Ultimately, however, the logic of class-based affirmative action is so powerful that even defenders of race-based plans often inadvertently strengthen the case for using class. Writing in the Washington Post, for example, Eugene Robinson recently argued for taking race into account in part because discrimination means that "Minority students are disproportionately disadvantaged by having to attend substandard primary and secondary schools. Their parents are less likely to have attended college and thus may not be familiar with all the things parents have to do to make their children competitive when it comes to college admissions."

These things are all true, which is why minority students will disproportionately benefit from class-based affirmative action. But not all minority students attend substandard schools or have parents lacking a college degree, so why not target preferences precisely at those children (minority or white) who actually attend lousy schools and whose parents have less education?

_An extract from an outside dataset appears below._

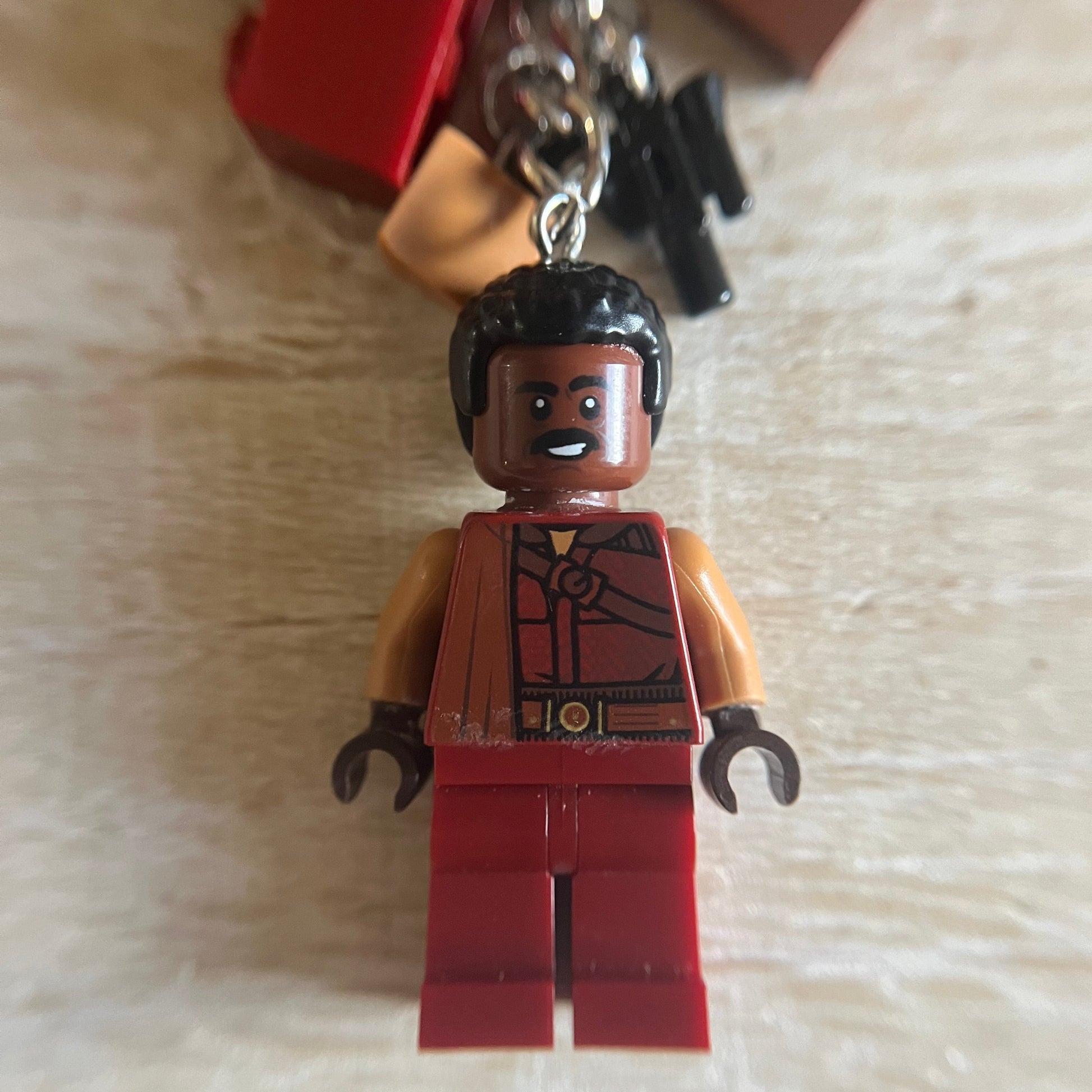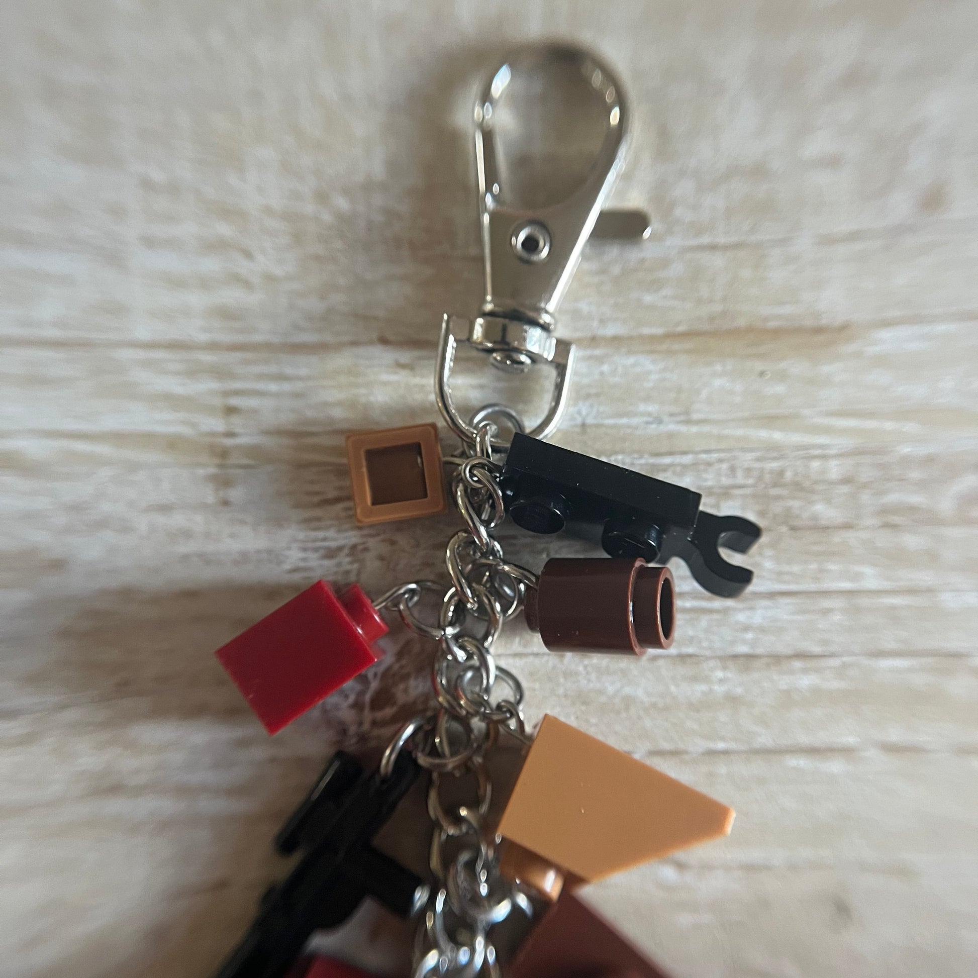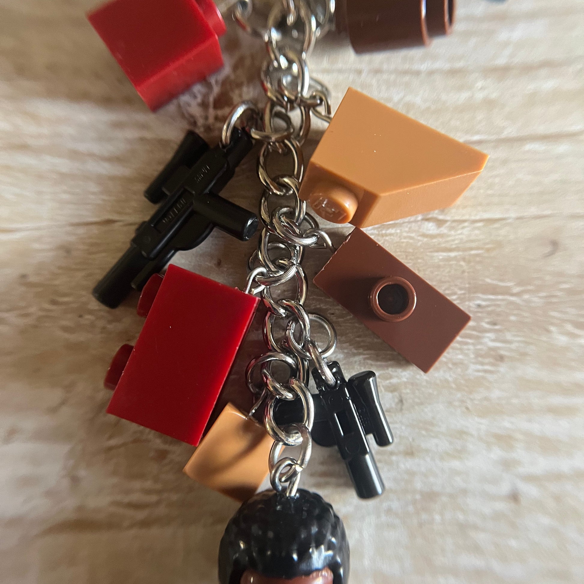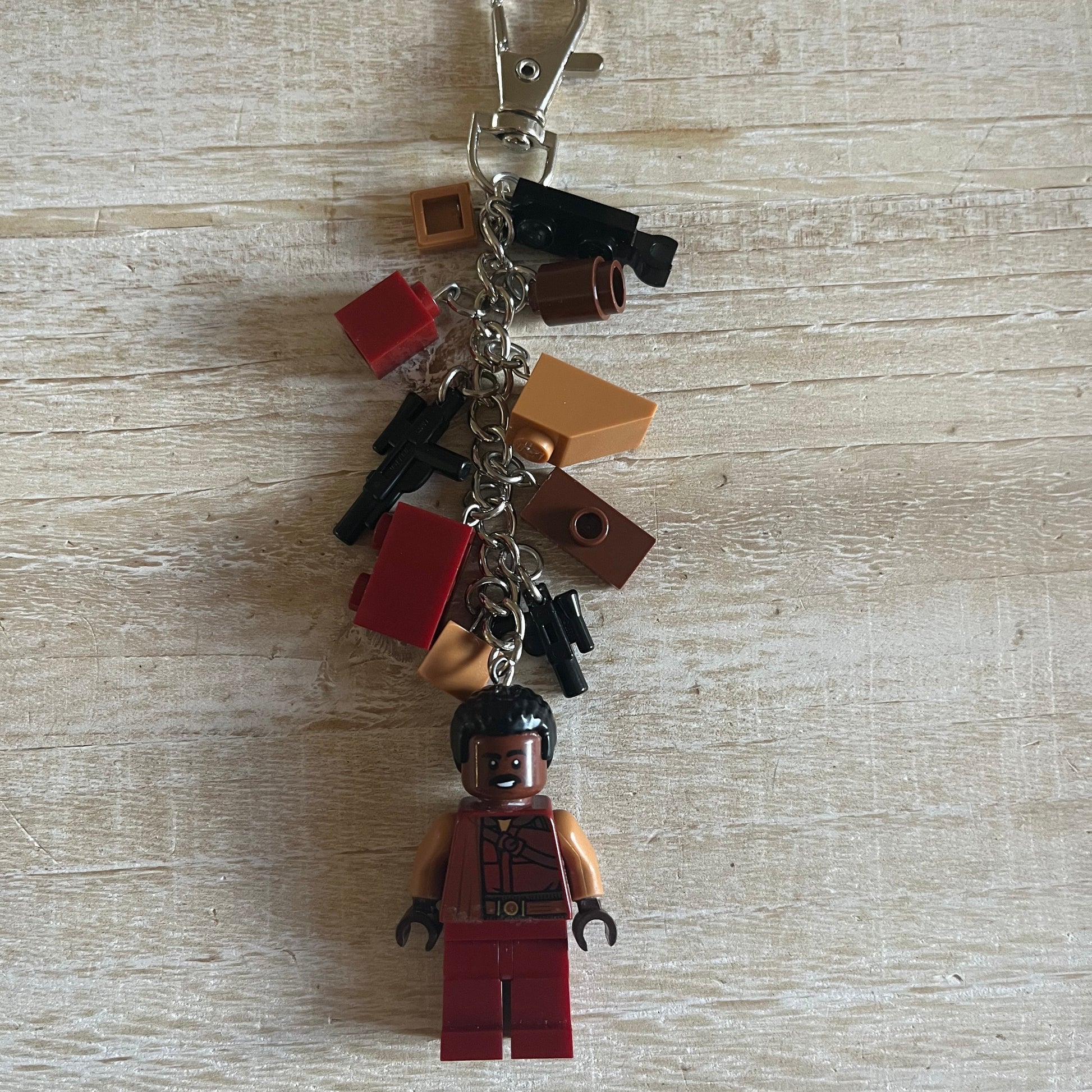 Lobster clasp keychain with a LEGO Star Wars Mandalorian Greef Karga minifigure. Also includes other LEGO components as charms. All parts of the minifigure are glued.

Robinson correctly notes that racism continues to plague even more affluent people of color. But the Supreme Court does not allow preferences as a remedy for societal discrimination. Moreover, class-based preferences can effectively remedy most of the effects of racial discrimination. For example, discrimination in housing means that blacks are more likely to live in neighborhoods were housing appreciates at slower levels, and results in lower levels of wealth. (Black wealth is 1/10 of white wealth, a much greater differential than the gap in income.) Having less wealth is a disadvantage to students, so why not count that in the admissions process? And if an individual student was the victim of discrimination by a teacher, count that too at an individual level, rather than providing a blanket preference based on skin color.

While many of my fellow liberals recoil at the notion of class-based affirmative action, the idea has noble roots, going straight back to Martin Luther King Jr. King knew there was a need to compensate for past discrimination but also that the colorblind principle he annunciated could not be casually dismissed. In his 1964 book, Why We Can't Wait, King made the classic argument for taking affirmative steps to address our nation's history. He wrote, "It is obvious that if a man is entered at the starting line in a race three hundred years after another man, the first would have to perform some impossible feat in order to catch up to his fellow man." But instead of proposing a plan of preferences for blacks, he proposed a "Bill of Rights for the Disadvantaged." King said, "It is a simple matter of justice that America , in dealing creatively with the task of raising the Negro from backwardness, should also be rescuing a large stratum of the forgotten white poor."

Today, race-based preferences are in trouble. An anti-affirmative action ballot initiative passed easily in Michigan last year and similar initiatives are planned for several states in 2008. Meanwhile, a new conservative Supreme Court majority has set its sights on curtailing the use of race in assigning students in elementary and secondary education. It is time for fresh thinking on the difficult issue of affirmative action. Barack Obama understands that current race based policies leave too many talented students, like Tony Jack, behind. Following in the footsteps of Martin Luther King, Obama may be edging towards a transformative role.

Richard D. Kahlenberg is a senior fellow at The Century Foundation. Portions of this article appeared previously in the Washington Post.